*Source data*:
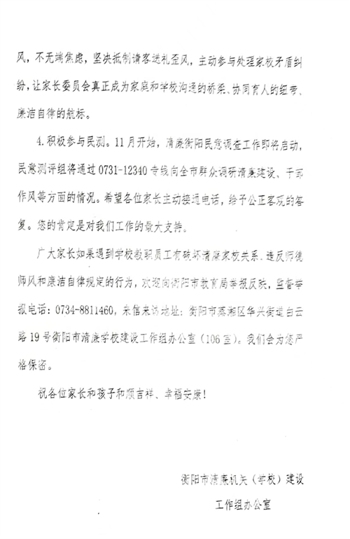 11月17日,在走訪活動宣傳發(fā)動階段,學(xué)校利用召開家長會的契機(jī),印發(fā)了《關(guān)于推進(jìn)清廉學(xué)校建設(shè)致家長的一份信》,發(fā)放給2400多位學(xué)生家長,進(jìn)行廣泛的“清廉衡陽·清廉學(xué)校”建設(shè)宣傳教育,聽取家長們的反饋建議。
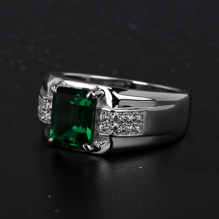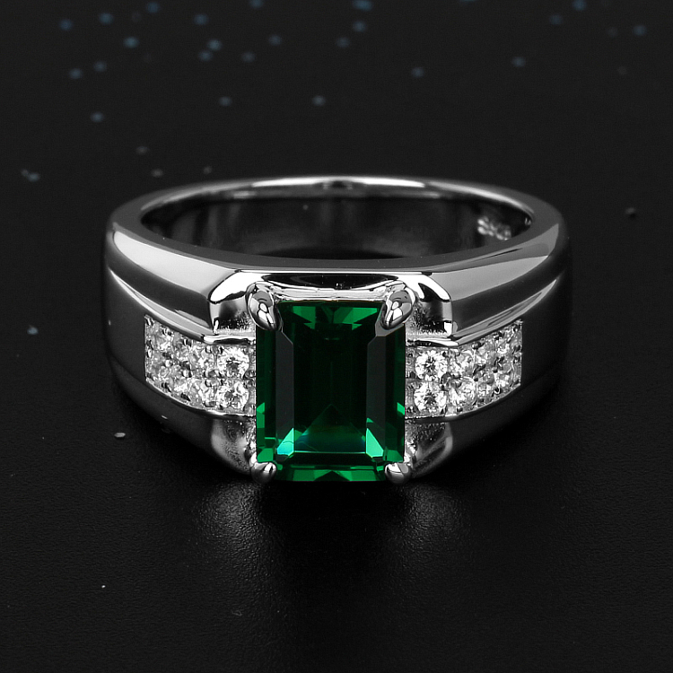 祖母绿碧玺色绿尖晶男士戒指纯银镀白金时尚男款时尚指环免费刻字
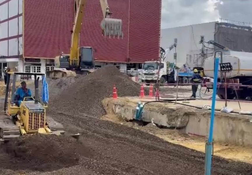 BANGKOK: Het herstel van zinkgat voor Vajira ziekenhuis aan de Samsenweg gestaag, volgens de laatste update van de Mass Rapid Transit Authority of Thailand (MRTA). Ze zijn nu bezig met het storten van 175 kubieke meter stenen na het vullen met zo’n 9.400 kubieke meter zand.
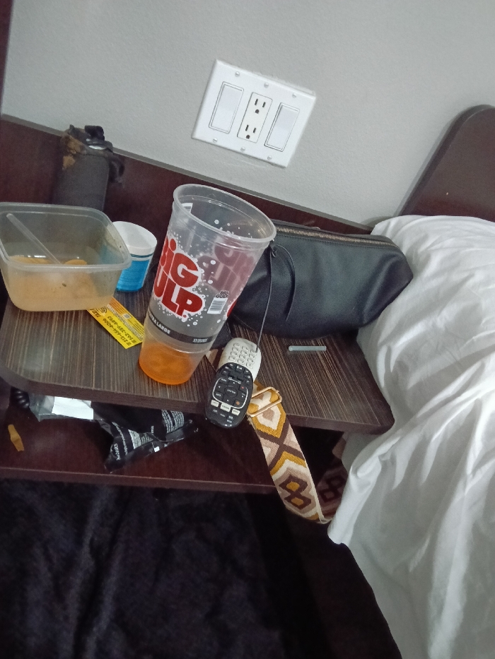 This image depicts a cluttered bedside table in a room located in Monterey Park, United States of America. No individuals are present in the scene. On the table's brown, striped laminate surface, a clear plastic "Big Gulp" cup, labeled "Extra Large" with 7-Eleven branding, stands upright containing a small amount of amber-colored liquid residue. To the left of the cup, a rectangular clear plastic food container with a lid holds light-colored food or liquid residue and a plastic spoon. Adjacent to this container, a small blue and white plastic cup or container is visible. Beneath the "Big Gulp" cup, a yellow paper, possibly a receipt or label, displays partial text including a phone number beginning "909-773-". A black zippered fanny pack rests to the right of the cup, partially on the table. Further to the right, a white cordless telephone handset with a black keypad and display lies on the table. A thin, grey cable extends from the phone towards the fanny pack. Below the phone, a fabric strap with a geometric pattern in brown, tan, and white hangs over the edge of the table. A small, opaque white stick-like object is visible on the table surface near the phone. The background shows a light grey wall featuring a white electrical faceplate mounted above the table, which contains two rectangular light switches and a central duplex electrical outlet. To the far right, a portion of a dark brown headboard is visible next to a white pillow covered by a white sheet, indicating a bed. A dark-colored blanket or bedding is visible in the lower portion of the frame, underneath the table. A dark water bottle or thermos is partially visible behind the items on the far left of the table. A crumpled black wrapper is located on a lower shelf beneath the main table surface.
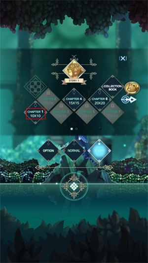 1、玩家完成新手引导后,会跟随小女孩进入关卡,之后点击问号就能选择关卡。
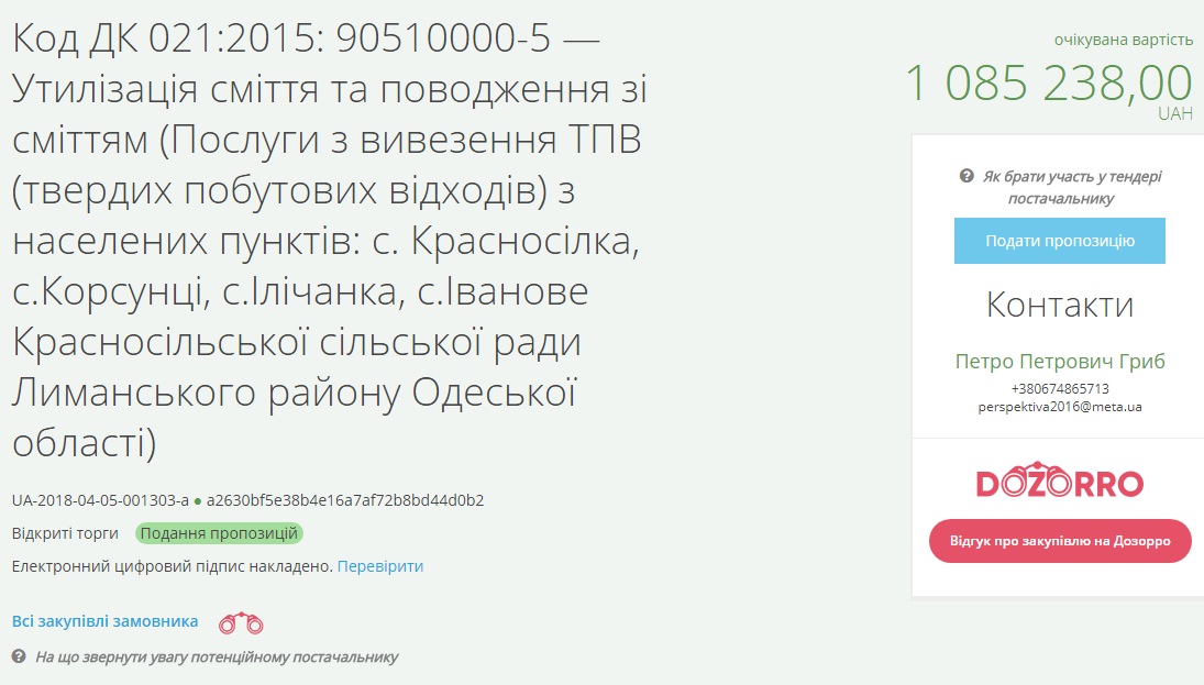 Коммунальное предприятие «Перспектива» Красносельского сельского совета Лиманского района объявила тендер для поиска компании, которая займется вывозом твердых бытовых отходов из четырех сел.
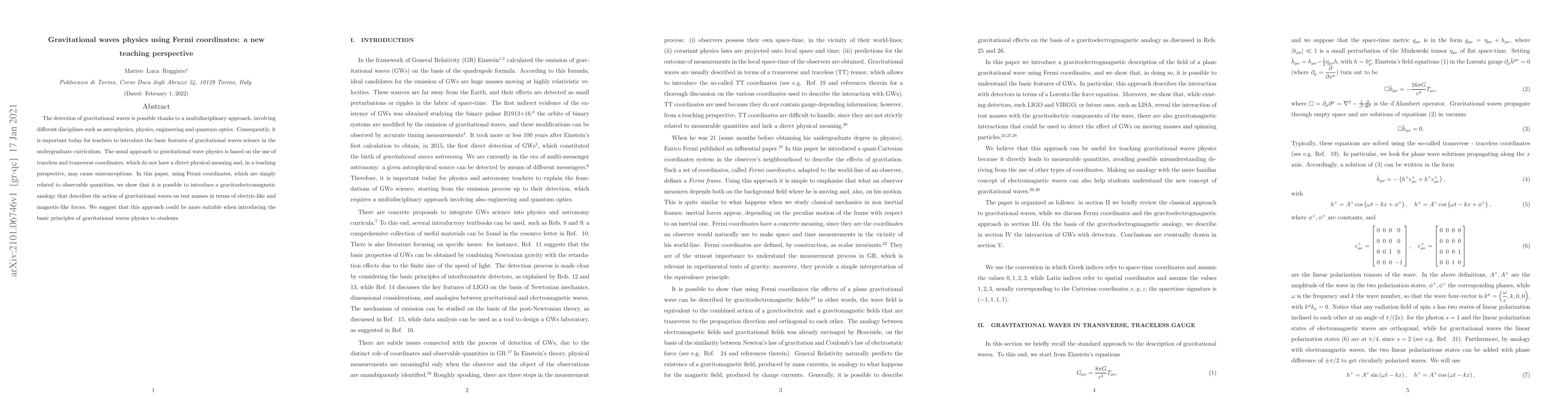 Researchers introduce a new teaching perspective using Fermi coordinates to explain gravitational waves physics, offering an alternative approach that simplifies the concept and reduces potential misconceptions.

*What needs to be done*: Transcribe, from the records above, the first line and every line after it up to and including the line with "BANGKOK: Het herstel"; omit pictures.

*Response box*:
 11月17日,在走訪活動宣傳發(fā)動階段,學(xué)校利用召開家長會的契機(jī),印發(fā)了《關(guān)于推進(jìn)清廉學(xué)校建設(shè)致家長的一份信》,發(fā)放給2400多位學(xué)生家長,進(jìn)行廣泛的“清廉衡陽·清廉學(xué)校”建設(shè)宣傳教育,聽取家長們的反饋建議。
 祖母绿碧玺色绿尖晶男士戒指纯银镀白金时尚男款时尚指环免费刻字
 BANGKOK: Het herstel van zinkgat voor Vajira ziekenhuis aan de Samsenweg gestaag, volgens de laatste update van de Mass Rapid Transit Authority of Thailand (MRTA). Ze zijn nu bezig met het storten van 175 kubieke meter stenen na het vullen met zo’n 9.400 kubieke meter zand.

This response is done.